Next, after cutting these cold-rolled materials (alloy Nos. 1 to 20) into predetermined sizes, the cold-rolled materials are inserted into a salt bath, heated and held at 550 ° C. for 5 minutes, and salt bath It was quickly removed from the mold, cooled with water, and subjected to solution heat treatment. After that, natural aging was performed at room temperature for 24 to 72 hours to obtain a T4 material. These T4 materials were inserted into an annealer and subjected to artificial aging treatment at 175° C. for 14 hours to obtain test materials (Examples 1 to 10, Comparative Examples 1 to 10).

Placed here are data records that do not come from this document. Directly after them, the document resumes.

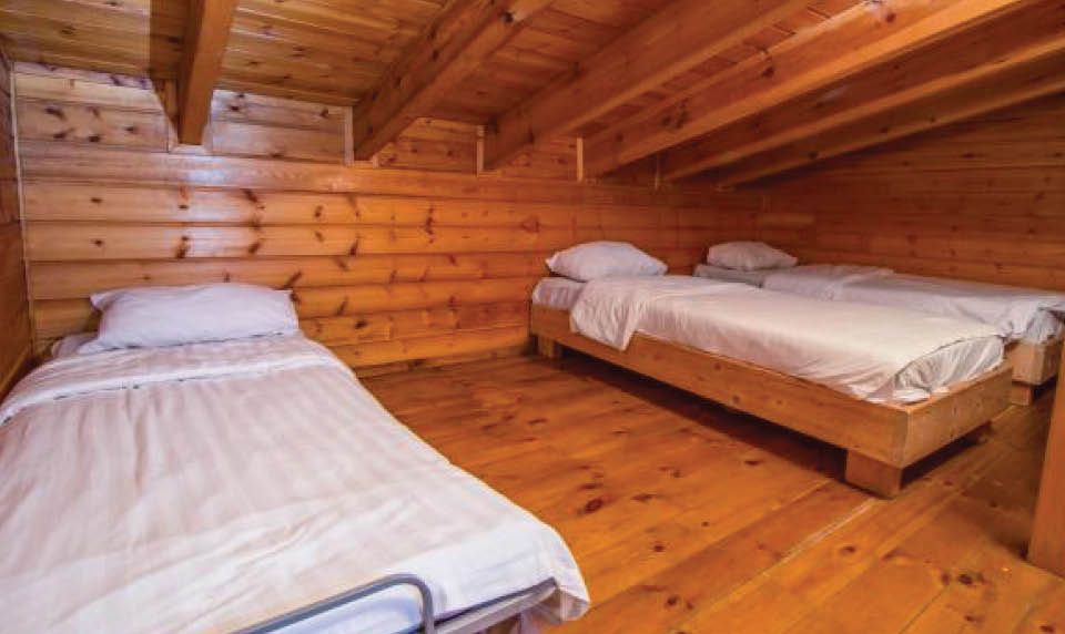 בכפר הנופש אוליב על הכנרת ישנן 13 בקתות עץ. בכל בקתה מזגן, סלון מרווח, טלוויזיה, חדר שינה זוגי מופרד, שירותים ומקלחת, פינת אוכל ומטבחון מאובזר. בכל בקתה קומת גלריה עליונה המתאימה לשינה ובה מזרונים, קומת הגלריה מאפשרת לתמרן בין זמן איכות לכל המשפחה לבין פרטיות חלקית בין ההורים והילדים. לכל בקתה מרפסת עץ הפונה לכנרת ומוקפת שיחים ועצים. סביב הבקתות עומדות לרשות האורחים מדשאות רחבות ידיים ופינות מנגל. במתחם בריכה קטנה וחוף ים במרחק צעדים ספורים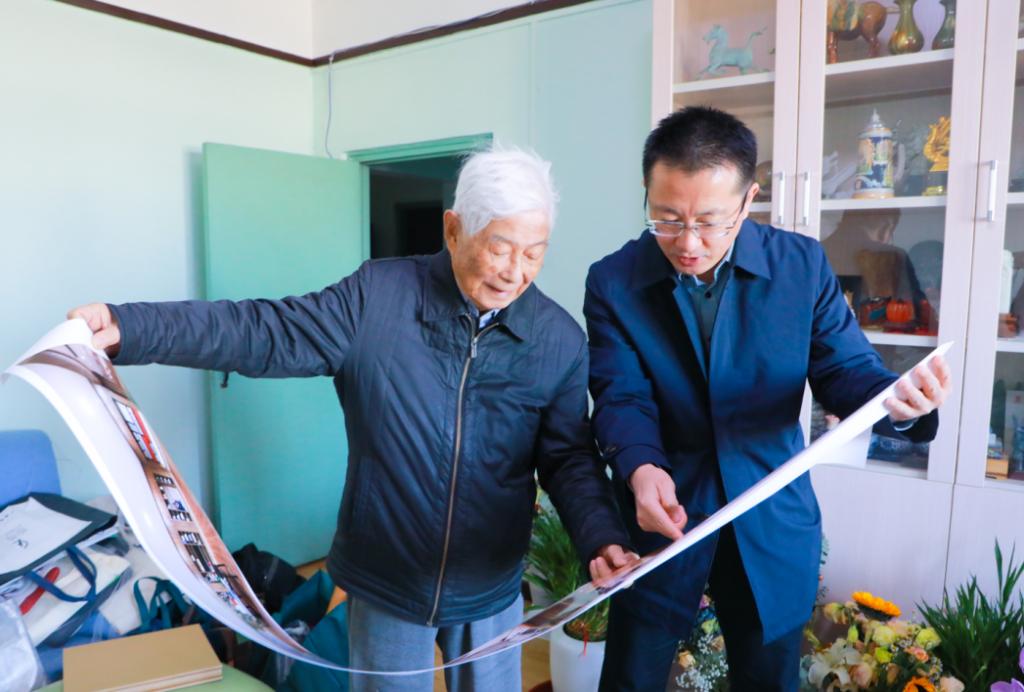 孙祥广转达了邢光书记、张洪海校长的问候和敬意,向先生汇报了近期教师博物馆获批国家级博物馆、承担上级任务、举办专题展览等各方面工作,特别汇报了筹建研学馆相关思路,展示了“明远书房”全景照片和珍藏书目,请先生指点和赐教。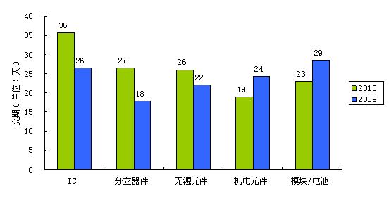 本次調查的結果印證了2010年電子行業(yè)所面臨的“缺貨”困境——2010年電子系統(tǒng)制造商與設計公司面臨的最普遍的采購風險是無法供貨,43.6%的公司面臨著供應商無法供貨的困擾。與2009年的調查做對比,2010年IC、分立器件、無源元件、機電元件、模塊/電池五大類物料價格有不同幅度增長,其中IC與分立器件漲幅最大,機電元件、模塊/電池漲幅最??;交貨期方面,IC、分立器件、無源元件交貨期都有所延長,而機電元件、模塊/電池交貨期分別縮短了5天和6天;貨款結算期方面,IC、分立器件貨款結算期均有所延長,無源元件、機電元件、模塊/電池的貨款結算期都縮短了。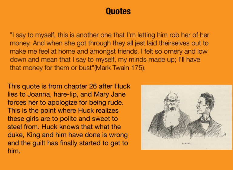 This quote is from chapter 26 after Huck lies to Joanna, hare-lip, and Mary Jane forces her to apologize for being rude. This is the point where Huck realizes these girls are to polite and sweet to steel from. Huck knows that what the duke, King and him have done is wrong and the guilt has finally started to get to him.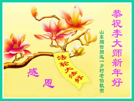 Một đệ tử Đại Pháp là cán bộ doanh nghiệp đã nghỉ hưu ở thành phố Chiêu Viễn, tỉnh Sơn Đông kính chúc Sư tôn năm mới vui vẻ!
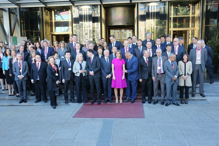 Борисов се снима за спомен с правосъдните министри от Съвета на Европа. До него е министър Екатерина Захариева в цикламена рокля. Снимка Веселин Боришев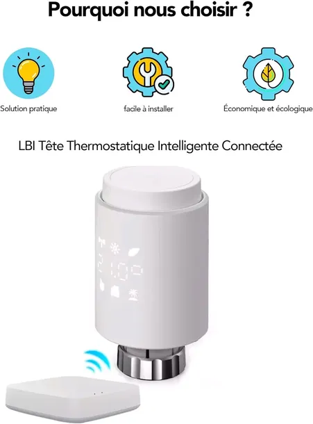 - Zawór grzejnikowy: podłączona głowica termostatyczna umożliwia regulację temperatury podłączonych grzejników ręcznie lub zdalnie za pośrednictwem aplikacji.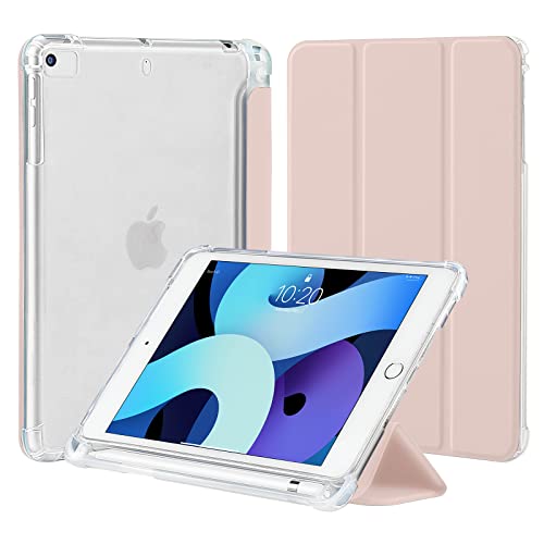 4UBonLife Fodral för iPad Mini 5 Mini 4 med Pennhållare 7,9 tum, Smalt Lätt Smart Cover Case, Mjuk TPU Genomskinligt Frostat Bakskydd Skal för iPad Mini 4:e 5:e, Rosa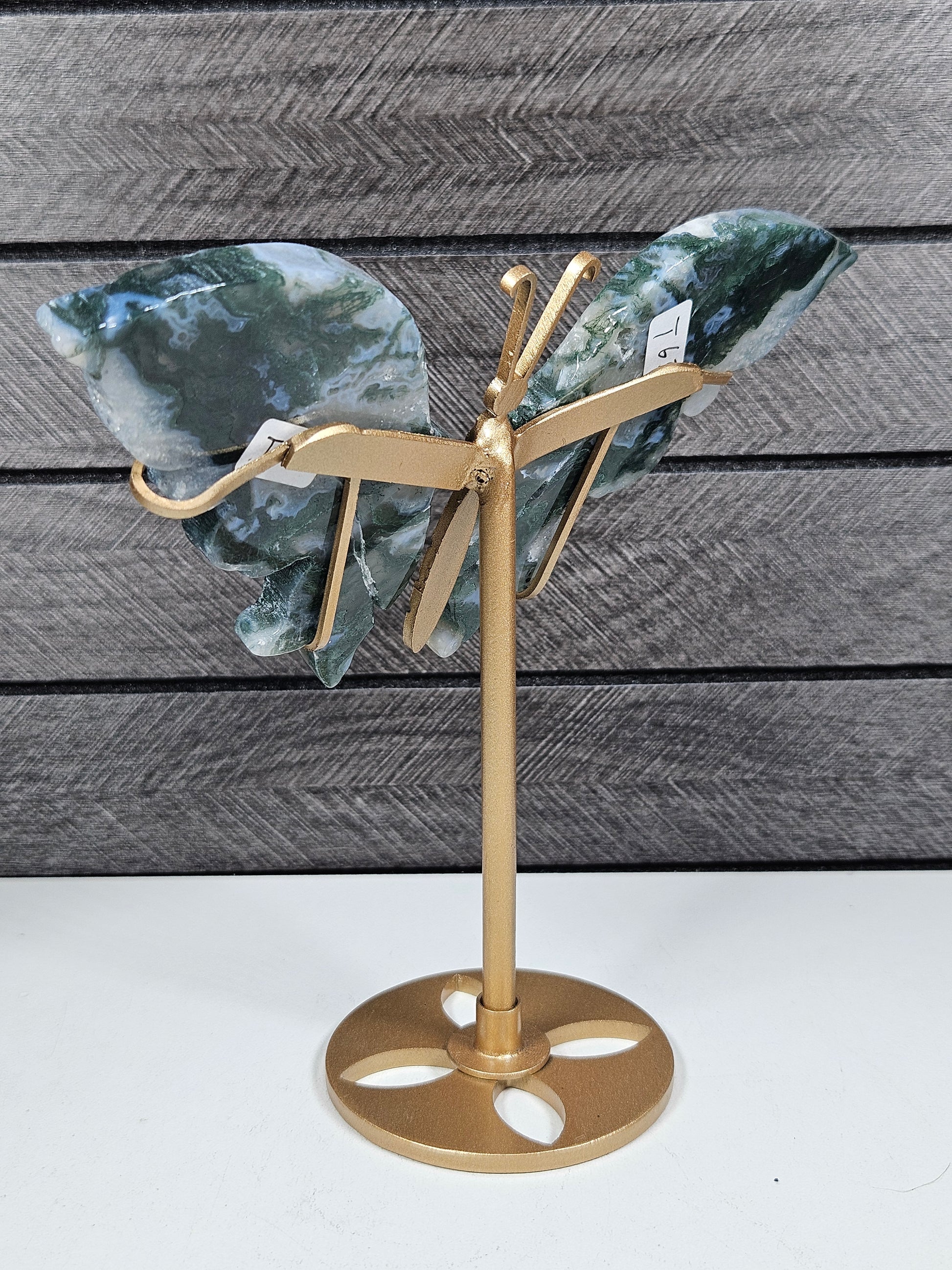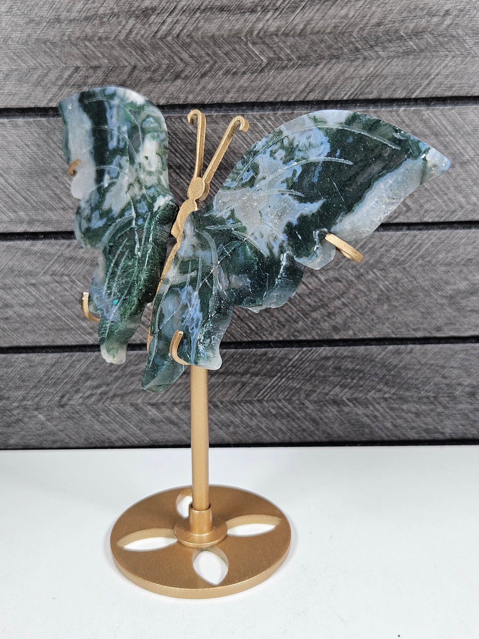 Deze Mosagaat vlinder is een handgemaakt decoratiestuk met een natuurlijke en krachtige uitstraling. Met een breedte van 16,5 cm en een hoogte van 14 cm is dit een royale en opvallende blikvanger voor je interieur, altaar of edelstenencollectie.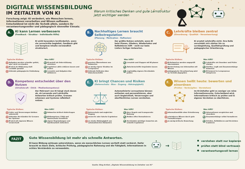 Ein zentrales Muster der aktuellen Forschung ist, dass KI besonders wirksam wird, wenn sie Lernende bei Planung, Struktur, Motivation und Reflexion unterstützt. Das betrifft zum Beispiel die Gliederung komplexer Themen, die Begleitung von Lernzielen oder die Rückmeldung zu Zwischenschritten. KI scheint also nicht nur als „Antwortmaschine“ relevant zu sein, sondern vor allem als Werkzeug, das Menschen hilft, ihr Lernen bewusster zu steuern. Gerade darin liegt ein wichtiger Beitrag zur digitalen Wissensbildung.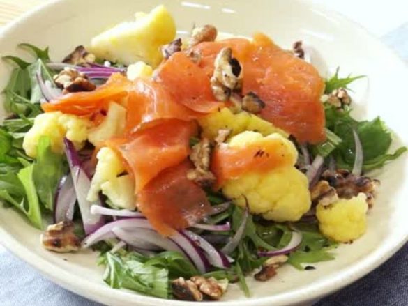 簡単調理で作る前菜をご紹介します。「サーモンとカリフラワーのサラダ」は、お皿に盛って調味料を合わせるだけの簡単レシピ。

Next, in order to investigate the effects of natural aging on various properties of test materials, the following test materials were produced.
After cutting the cold-rolled material of alloy No. 3 into a predetermined size, the cold-rolled material was inserted into a salt bath, heated and held at 550°C for 5 minutes, quickly removed from the salt bath, and cooled with water to melt. It has undergone a quenching treatment. After that, some of them were inserted into an annealer without being naturally aged and subjected to artificial aging treatment at 175° C. for 14 hours to obtain a test material (Example 11). In addition, some of them were naturally aged at room temperature for 24, 48, and 72 hours to make T4 materials, and these T4 materials were inserted into an annealer and artificially aged at 175°C for 14 hours to obtain test materials. (Examples 12, 13, 14).

Next, in order to investigate the effects of press forming (plastic deformation) after natural aging on various properties of the test materials, the following test materials were produced.
After cutting the cold-rolled material of alloy No. 3 into a predetermined size, the cold-rolled material was inserted into a salt bath, heated and held at 550°C for 5 minutes, quickly removed from the salt bath, and cooled with water to melt. It has undergone a quenching treatment. After that, natural aging was performed at room temperature for 48 hours to obtain a T4 material. For this T4 material, 2% prestrain was introduced at room temperature using a tensile tester to simulate cold press forming, and then it was inserted into an annealer and subjected to artificial aging treatment at 175 ° C. for 14 hours. It was used as a test material (Example 15).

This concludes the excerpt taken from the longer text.